A few more words about lightsabers
08/26/2023
Earlier this week I posted an article about the decline and fall of lightsabers in Star Wars over at bleedingfool.com.
Right on cue, one of the new Disney Star Wars shows has a character take would should have been a moral wound and essentially walk it off. Fans are not amused.
As I point out in my piece, the increasing overuse of lightsabers is illustrative of poor writing and increasingly feeble efforts to produce dramatic tension by substituting action for plot and character development.
People who don't know how to write a loaded conversation or create a compelling story will simply resort to extended fight scenes, but the more they resort to this, the less any of them matter.
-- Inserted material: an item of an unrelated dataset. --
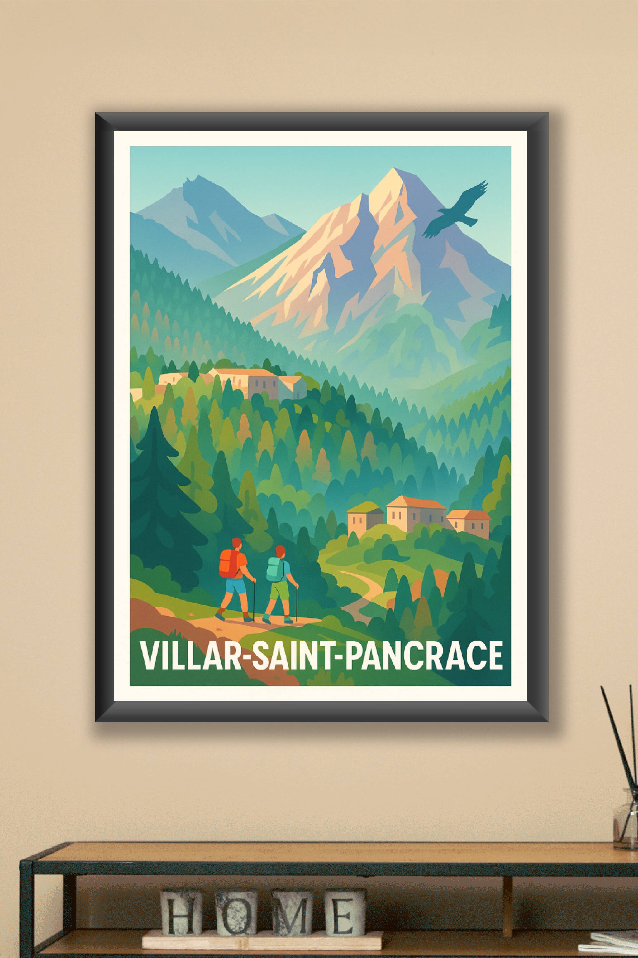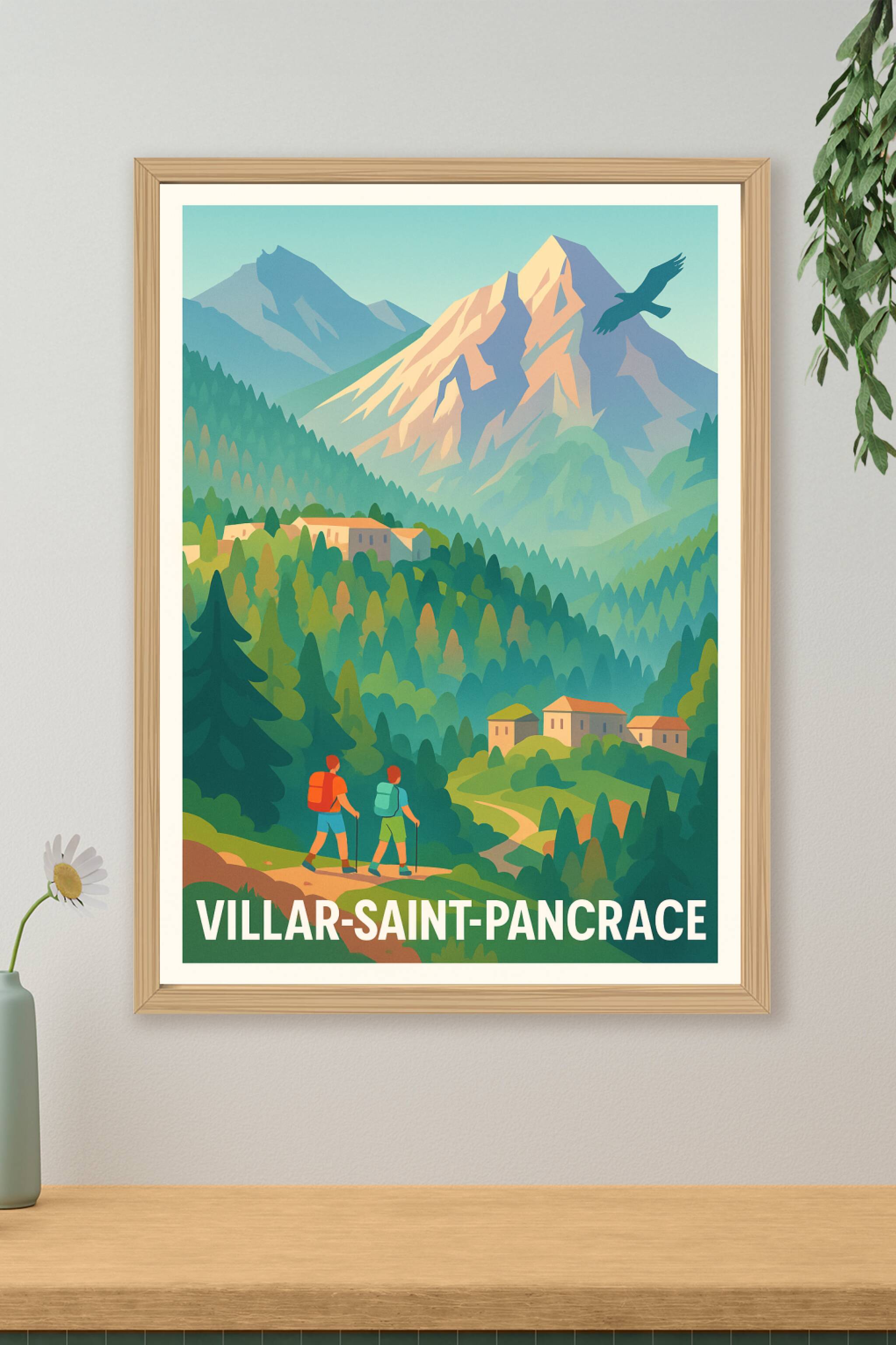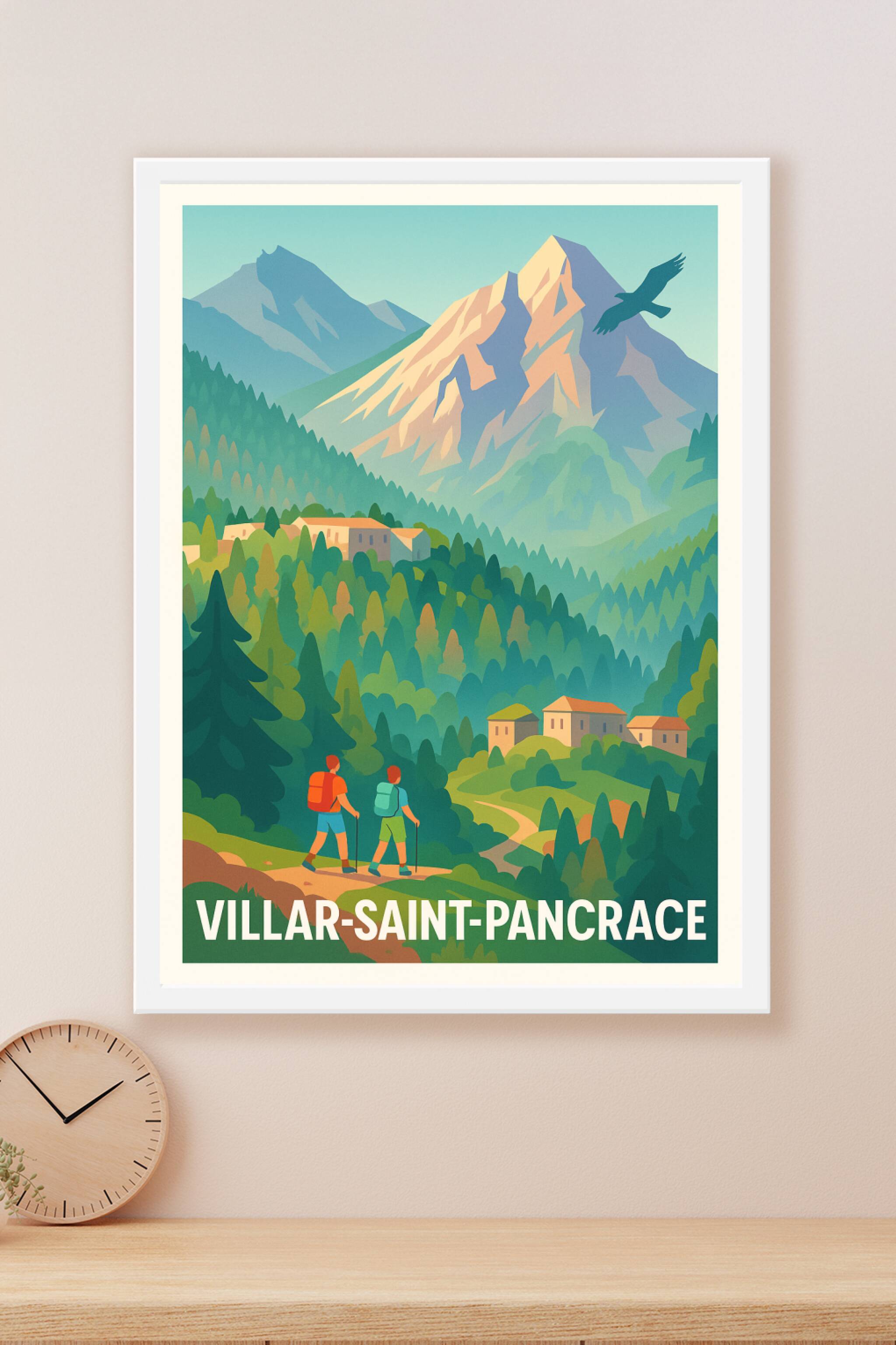 Découvrez la beauté authentique de Villar-Saint-Pancrace avec cette affiche illustrée qui met en scène ses paysages de montagne verdoyants et ses s...

Having characters survive mortal wounds completely unscathed is part and parcel of this. Once that happens, the reader (or viewer) ceases to take the story seriously. This is why in all of my fiction, not a single character has returned from the dead. I have had characters who people assumed were dead come back, but that's different device which leaves the consequence of death intact.
I have to say that seeing how awful entertainment is these days is really shocking. I know that the political scene is a disaster area, which is why I avoid it, but entertainment seems to be even worse. Who approves this stuff? Is there any concept of quality control?
This is the consequence of three generations of nepotistic promotion, I suppose. The current generation of studio heads have no real knowledge of life, art, or their audience - and it shows.